Эвдор ночевал у хозяйки, что стало в тот вечер предметом пересудов. Наутро он велел всем сидеть в кабаке, и не высовывать носа на улицу. Собственно, никто и не рвался – какие еще прогулки, когда лицо зеленое, а голова трещит, как будто по ней бьют кузнечным молотом. Вожак был трезв, как стеклышко, а Аристид, вот же счастливец, давно уже похвалявшийся, будто бы не знает, что такое похмелье, ныне на деле сие доказал. Они вдвоем отправились потолкаться в порту и на агоре.
Тамошнее столпотворение не позволяло допустить и тени мысли, будто Родос находится на осадном положении. Суматошная торговая жизнь не замирала ни на минуту, вопреки всем потугам понтийского флота. Со всех сторон неслось:
– Сталь халибска-а-я! Мечи, ножи, подходи, покупа-ай!
– Чиню медные котлы! Чиню, латаю, медные котлы!
– Вино хиосское! Самое лучшее!
– ...и пятна у него, как у леопарда, по телу...
– Да ну, врешь, не может у зверей такой шеи быть..
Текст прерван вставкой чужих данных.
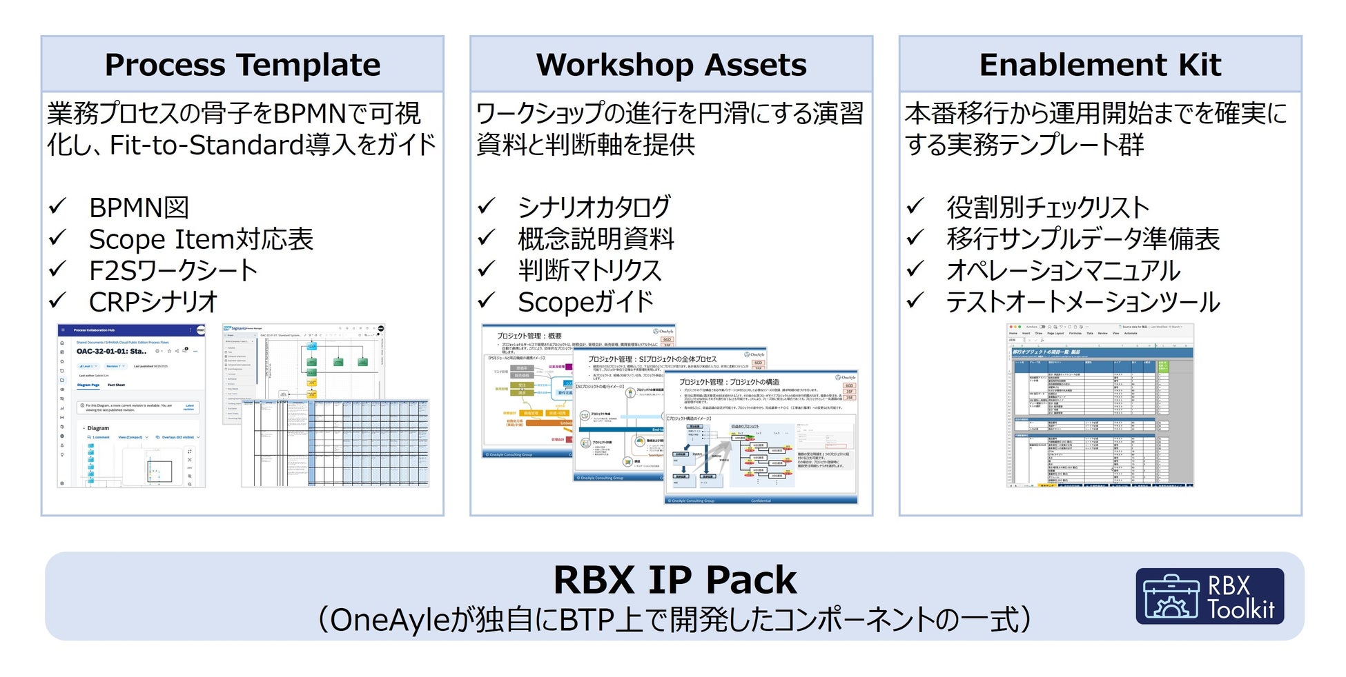 スコープ対応表/BPMN/CRPシナリオ/移行サンプル/操作マニュアルなど導入~運用を一気通貫で支えるアセット群

– Клянусь Зевсом, сам видел, своими глазами! Десять локтей!
– А только что говорил, будто пять...
– ...мечи испанские! Халибским не чета!..
– ...вах, не проходи мимо, дорогой! Кинжал по руке подберем, от любого оборонишься!
– Извини, уважаемый, мне знающие люди говорили, в Испании кузнецы получше будут.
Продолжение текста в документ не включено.